What you are asked to do> With the pictures removed, reproduce exactly the lines from the one that contains "从房价涨跌城市数目看,凭证中" through the last line of the entries below.

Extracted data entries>
########

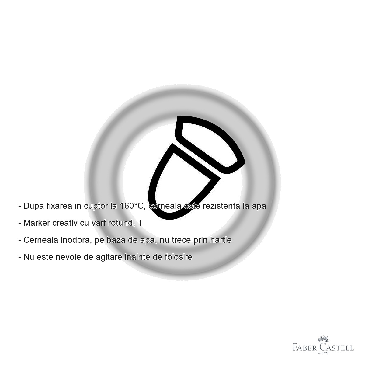 Marker-ul creativ Goldfaber alb 501 Faber-Castell se remarca printr-o serie de avantaje care il plaseaza intr-o categorie superioara fata de markerele obisnuite. Cerneala pe baza de apa este prietenoasa cu mediul inconjurator si sigura pentru utilizare in spatii inchise datorita lipsei mirosului. Un aspect important este faptul ca cerneala nu trece prin hartie, ceea ce inseamna ca poti lucra fara grija ca vei patrunde prin foaie sau ca vei murdari suprafata de dedesubt. Versatilitatea este un alt punct forte: poti folosi acest marker pe hartie, carton, sticla, plastic, metal si piatra, ceea ce il transforma intr-un instrument unic in trusa oricarui creativ. Dupa ce ai aplicat cerneala pe suprafete suportabile termic, fixarea in cuptor la 160 de grade Celsius o transforma intr-un strat rezistent la apa, ideal pentru obiecte decorative de lunga durata. In plus, nu este necesara agitarea inainte de folosire, ceea ce simplifica procesul de lucru si reduce timpul de pregatire.
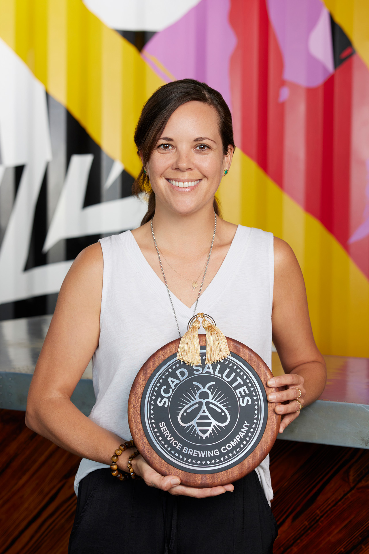 Service Brewing Co. co-founder and creative marketing director Meredith Sutton receives the SCAD Salutes award. Since the company's founding, Sutton and husband, co-founder, and military veteran Kevin Ryan have raised more than $100,000 for local, regional, and national organizations that support service members and first responders.
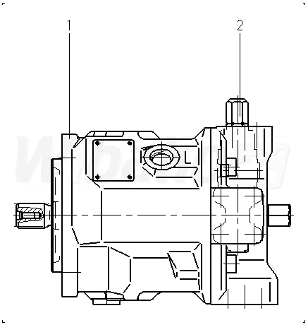 Axial piston variable pump A10V, swashplate design, open circuit, nominal pressure 280 bar, maximum pressure 350 bar. Series 31. Geometric displacement 28 cm3. Pressure controller with pressure cut-of, hydraulic, remote controlledDrive splined shaft ANSI B92.1a. Mounting flange ISO 3019-1 (SAE) 2-hole. SAE flange ports according to J518 Working ports UNF. Fastening thread UNF; lateral top bottom, for through drive. Without through drive.
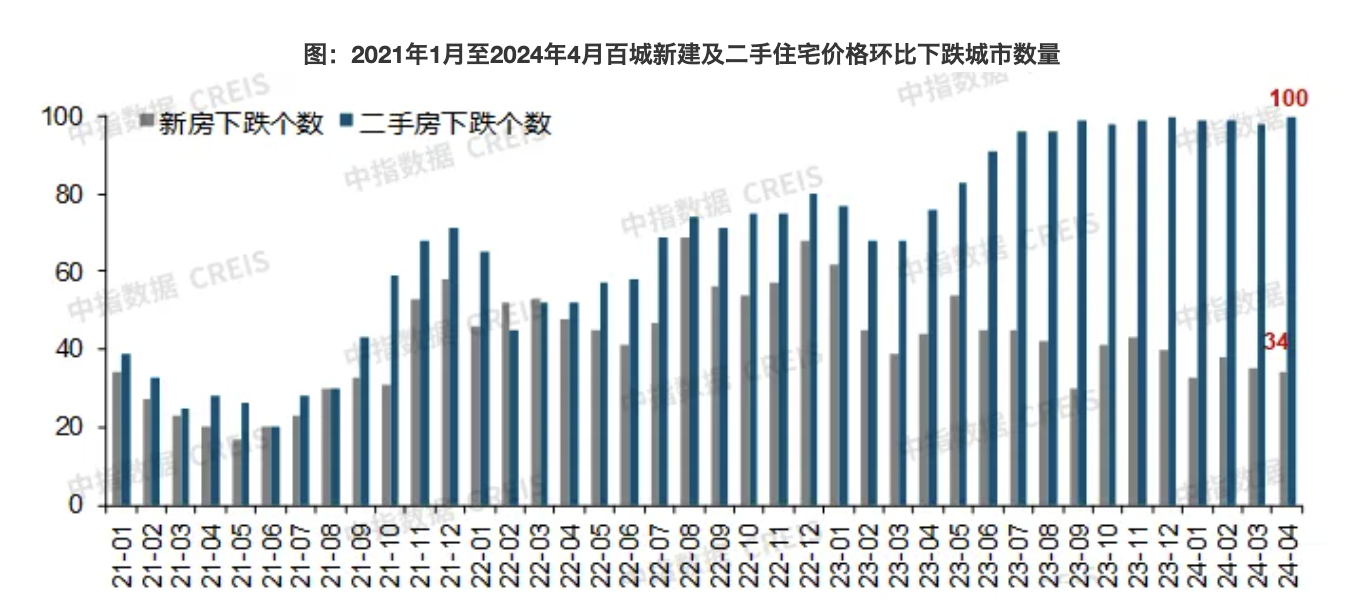 从房价涨跌城市数目看,凭证中国房地产指数系统百城价钱指数,4月,百城新建住宅价钱环比着落城市数目为34个,百城二手住宅价钱环比着落城市数目为100个,二手房价钱着落城市已相连11个月超90城。
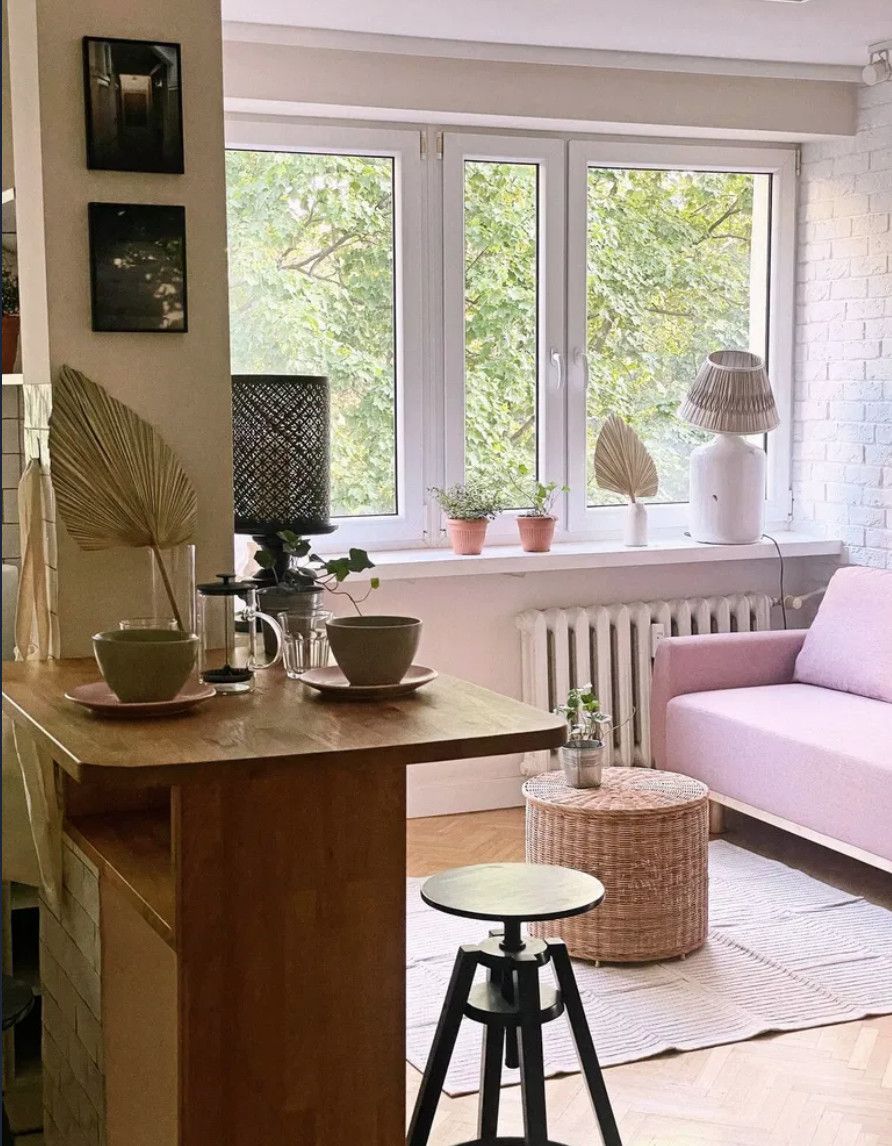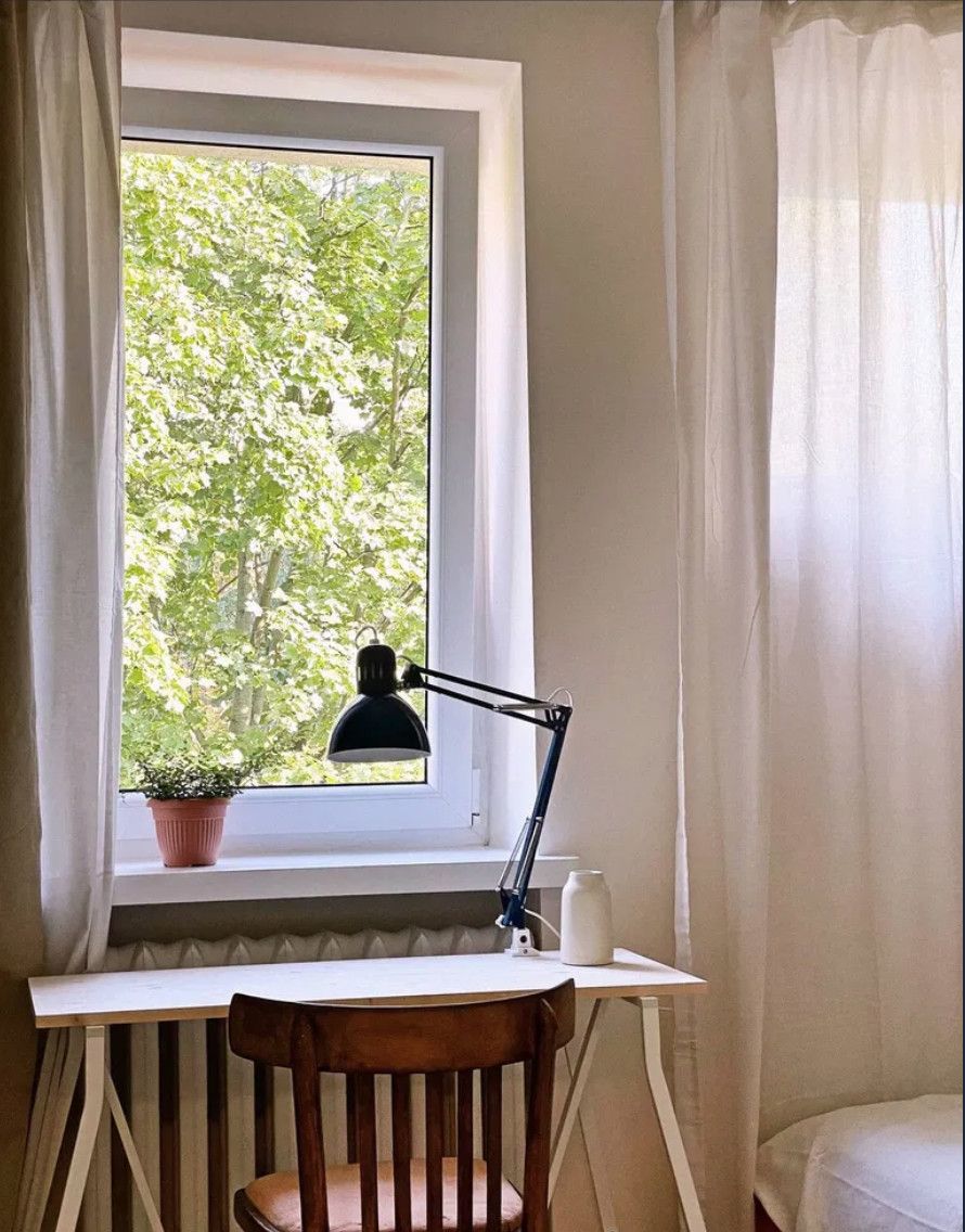Mieszkanie jest pełne naturalnego światła, z widokiem na otaczającą zieleń, a jego okna nie wychodzą na inne budynki, co zapewnia poczucie prywatności i spokoju.

########

Result for this exercise>
 从房价涨跌城市数目看,凭证中国房地产指数系统百城价钱指数,4月,百城新建住宅价钱环比着落城市数目为34个,百城二手住宅价钱环比着落城市数目为100个,二手房价钱着落城市已相连11个月超90城。
Mieszkanie jest pełne naturalnego światła, z widokiem na otaczającą zieleń, a jego okna nie wychodzą na inne budynki, co zapewnia poczucie prywatności i spokoju.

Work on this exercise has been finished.